## What you have to do:
Would you retype, word for word, only the lines from the one holding "A Secretaria de" through the final line of the entries below, without the pictures?

## Listed entries:
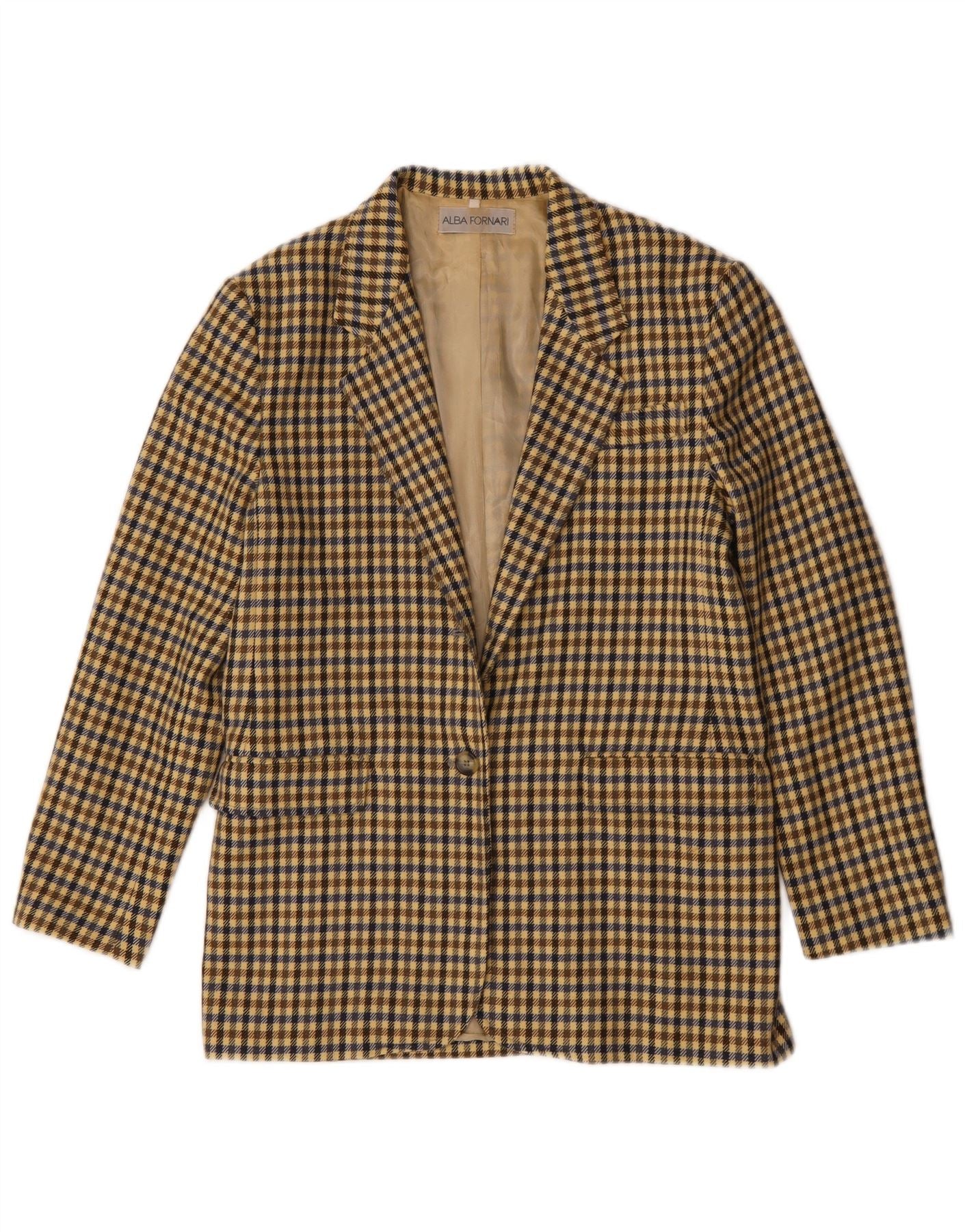Jaqueta Blazer Longline Feminina ALBA FORNARI Reino Unido 14 Médio Bege Gingham
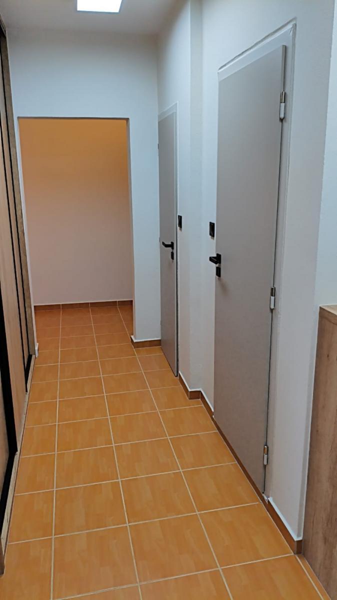 Podlahy vinyl a dlažba. Zděná koupelna s vanou vč. zástěny s umyvadlem a podumyvadlovou skříňkou. Oddělené WC. Vytápění a ohřev vody dálkově s vlastními měřidly. Kuchyňská linka s plynovou varnou deskou, elektrickou troubou, vestavnou mikrovlnnou troubo a myčkou. Vestavná skříň v předsíni, šatní stěna a komoda.
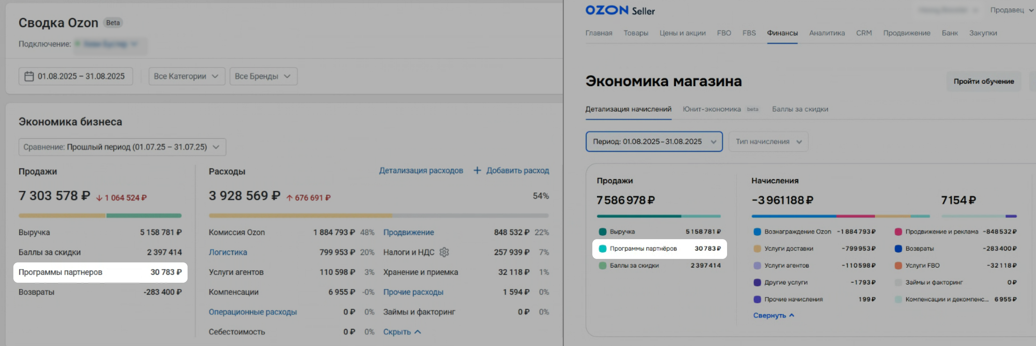 Суммы за Программы партнеров в Сводке и на Ozon должны совпадать.
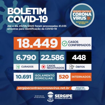 A Secretaria de Estado da Saúde (SES) divulga neste sábado, 20, o boletim epidemiológico do novo coronavírus, com 641 novos casos registrados e mais 22 óbitos. Em Sergipe, 18.449 pessoas já testaram positivo para a COVID-19 e 448 morreram. Um caso registrado em Indiaroba e dois em Itabaiana foram alterados para Aracaju.
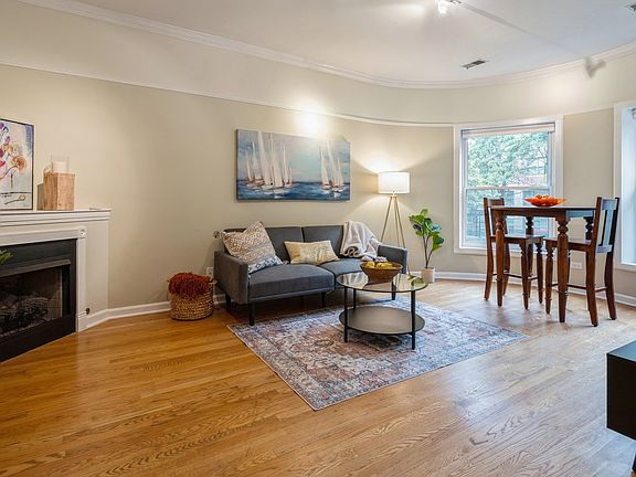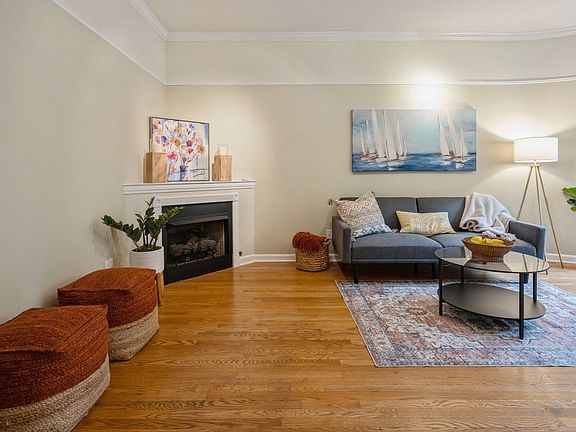 PRIVATE Entrance in this spacious Buena Park condo. Charming historic building of only 15 units. Private entrance with mudroom accessible from hard to find, gated backyard, brick patio, & deeded parking (at additional cost). 1 block from the "L" and minutes to the Lake & Wrigley Field. Why rent when you can own a condo that features large living room w/gas fireplace, crown molding & picture rail. Washer & Dryer in-unit, hardwood floors, large bedroom with crown molding and rope light accent & GIANT closet! Expansive eat-in kitchen with ss appliances. Super clean and lots of updates...carpet 2022, water heater 2021, dishwasher 2021, disposal 2022, stack washer dryer 2020, furnace/ac 2019. Bike storage room and additional private storage! Make this move-in-ready gem your own! Great gated patio for outdoor enjoyment. DEEDED PARKING space available at an additional $25,000. Keyed bike storage included!

## Reply:
 A Secretaria de Estado da Saúde (SES) divulga neste sábado, 20, o boletim epidemiológico do novo coronavírus, com 641 novos casos registrados e mais 22 óbitos. Em Sergipe, 18.449 pessoas já testaram positivo para a COVID-19 e 448 morreram. Um caso registrado em Indiaroba e dois em Itabaiana foram alterados para Aracaju.
 PRIVATE Entrance in this spacious Buena Park condo. Charming historic building of only 15 units. Private entrance with mudroom accessible from hard to find, gated backyard, brick patio, & deeded parking (at additional cost). 1 block from the "L" and minutes to the Lake & Wrigley Field. Why rent when you can own a condo that features large living room w/gas fireplace, crown molding & picture rail. Washer & Dryer in-unit, hardwood floors, large bedroom with crown molding and rope light accent & GIANT closet! Expansive eat-in kitchen with ss appliances. Super clean and lots of updates...carpet 2022, water heater 2021, dishwasher 2021, disposal 2022, stack washer dryer 2020, furnace/ac 2019. Bike storage room and additional private storage! Make this move-in-ready gem your own! Great gated patio for outdoor enjoyment. DEEDED PARKING space available at an additional $25,000. Keyed bike storage included!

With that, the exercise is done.